{"title":"Locality Aware Memory Assignment and Tiling","authors":"Samuel Rogers, H. Tabkhi","doi":"10.1145/3195970.3196070","DOIUrl":null,"url":null,"abstract":"With the trend toward specialization, an efficient memory-path design is vital to capitalize customization in data-path. A monolithic memory hierarchy is often highly inefficient for irregular applications, traditionally targeted for CPUs. New approaches and tools are required to offer application-specific memory customization combining the benefits of cache and scratchpad memory simultaneously.This paper introduces a novel approach for automated application-specific on-chip memory assignment and tiling. The approach offers two major tools: (1) static memory access analysis and (2) variable-level memory assignment. Static memory analysis performs at the LLVM abstraction. It extracts target-independent pointer behaviors, measures the access strides and analyze the prefetchability of variables. (2) variable-level memory assignment creates a memory allocation graph for memory assignment (cache vs. scratchpad) based on the variables size and their estimated locality. It also explores the opportunity for tiling memory access. For the exploration and results, this paper uses Machsuite benchmarks (with both regular & irregular memory access behaviors), and gem5-Aladdin tool for performance & power evaluation.
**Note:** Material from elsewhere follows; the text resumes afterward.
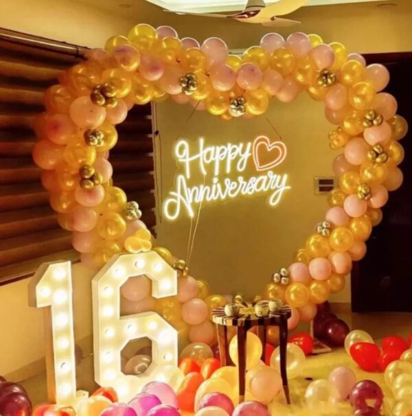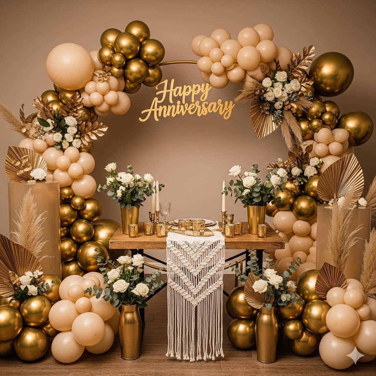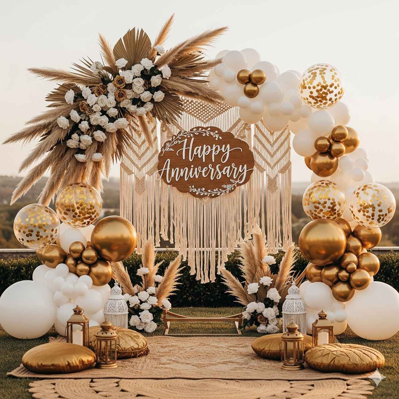 With a stunning circular ring backdrop adorned with a balloon arch in white, peach, and golden hues, the decor sets the perfect stage for your celebration. The decor also features a “Happy Anniversary” neon signage, green palm leaves, white floral strings, confetti balloons, bubble balloons, fairy lights, and a numeric LED light marquee that can be customized. The floor around is covered with loose balloons. This elegant decor theme is perfect for milestone anniversary celebrations like 30th, 40th, 50th, and beyond. Click beautiful pictures beside this backdrop, capturing every precious moment. Simply book this golden boho theme anniversary ring decor online from here. We will decorate your location anywhere in Delhi & NCR.

The proposed approach optimizes the memory hierarchy by automatically combining the benefits of cache, (tiled-) scratchpad at variable level granularity per individual applications. The results demonstrate more than 45% improvement in our power-stall product, on average, over the monolithic cache or scratchpad design.","PeriodicalId":6491,"journal":{"name":"2018 55th ACM/ESDA/IEEE Design Automation Conference (DAC)","volume":"1 1","pages":"1-6"},"PeriodicalIF":0.0000,"publicationDate":"2018-06-01","publicationTypes":"Journal Article","fieldsOfStudy":null,"isOpenAccess":false,"openAccessPdf":"","citationCount":"6","resultStr":null,"platform":"Semanticscholar","paperid":null,"PeriodicalName":"2018 55th ACM/ESDA/IEEE Design Automation Conference (DAC)","FirstCategoryId":"1085","ListUrlMain":"https://doi.org/10.1145/3195970.3196070","RegionNum":0,"RegionCategory":null,"ArticlePicture":[],"TitleCN":null,"AbstractTextCN":null,"PMCID":null,"EPubDate":"","PubModel":"","JCR":"","JCRName":"","Score":null,"Total":0}
引用次数: 6
Abstract
With the trend toward specialization, an efficient memory-path design is vital to capitalize customization in data-path. A monolithic memory hierarchy is often highly inefficient for irregular applications, traditionally targeted for CPUs. New approaches and tools are required to offer application-specific memory customization combining the benefits of cache and scratchpad memory simultaneously.This paper introduces a novel approach for automated application-specific on-chip memory assignment and tiling. The approach offers two major tools: (1) static memory access analysis and (2) variable-level memory assignment. Static memory analysis performs at the LLVM abstraction. It extracts target-independent pointer behaviors, measures the access strides and analyze the prefetchability of variables. (2) variable-level memory assignment creates a memory allocation graph for memory assignment (cache vs. scratchpad) based on the variables size and their estimated locality. It also explores the opportunity for tiling memory access. For the exploration and results, this paper uses Machsuite benchmarks (with both regular & irregular memory access behaviors), and gem5-Aladdin tool for performance & power evaluation. The proposed approach optimizes the memory hierarchy by automatically combining the benefits of cache, (tiled-) scratchpad at variable level granularity per individual applications. The results demonstrate more than 45% improvement in our power-stall product, on average, over the monolithic cache or scratchpad design.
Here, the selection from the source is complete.